Garry Maddox's recent SMH article spells it out pretty clearly: http://www.smh.com.au/articles/2009/08/21/1250362203695.html

The box office takings and the number of screens were eyeopening for me. I can't believe My Life in Ruins opened on over 150 screens, but Balibo only opened on 23 (though I hear it's expanding Sept 10).

Perhaps it's a case of taking the plank out of our own eye...

Unknown said...

BTW just heard Charlie & Boots raked in almost $800K opening weekend. So perhaps Glenn is right about Aussie audiences wanting Crocodile Dundee + Kenny because that's precisely what Charlie & Boots is! http://www.charlieandboots.com

Andrew David said...

Definitely an illuminating article, but his message to me seemed to say that Australia should make "broader", brainless films. I don't think the problem with 2009 is that the filmmakers should have been stopped and told to give their films happy endings, I think the problem is that the support of the government agencies doesn't extend to advertising and help with distribution. Maybe, as Philip Noyce suggests, it's up to the filmmaker to save some money to use for marketing, but to me it seems like a fundamental flaw that the screen agencies fund these films and then essentially cut them adrift to lose money.

Unknown said...

Yes for me Phil Noyce's point was the most salient, though I don't necessarily equate 'broad appeal' with 'brainless' and do agree that Aussie cinema could do with a few more home grown heroes.
But yes, evidently Noyce has been making this point for years - it's just no-one is yet to do anything about it!

Glenn said...

Drew, it isn't my message that we should be making broader, sillier movies. I do think we should make them in tandem with the more serious fare.
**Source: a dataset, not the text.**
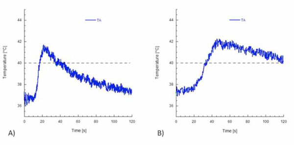 Temperature profiles at the root apex recorded with (A) System B and (B) System MB.

Take Charlie & Boots for example, which debuted with $800,000. Not exactly an amazing total, but it beat the current holder of "largest debut weekend", Rachel Ward's directorial debut Beautiful Kate, by over $500,000.

It's a shame that something like Lake Mungo, which could have been a real hit - it's legitimately scary and legitimately well made, SHOCKING - but it ended up being independently released and promptly vanished. It really should have done better.

And while it's true Australian cinemagoers had turned BIG TIME on Aussie fare - 2008 was, excluding Australia, the worst year ever I believe in terms of box office - 2009 has shown signs of improvement. Samson & Delilah has surprised everyone and their pet parakeet to become the highest grossing Aussie film of the year, meanwhile titles like Mary & Max ($1.5m), Beautiful Kate ($1.3m and counting), Disgrace ($1.15m) and My Year Without Sex ($1.1m) have all cracked the magic million, something that only two movies did last year (again, barring, Australia) and they was The Black Balloon and The Children of Huang Shi. Balibo and Charlie & Booys are getting there and titles like Mao's Last Dancer, Bright Star and Bran Nue Dae (if it doesn't get moved to 2010, which is likely) are all surefire hits.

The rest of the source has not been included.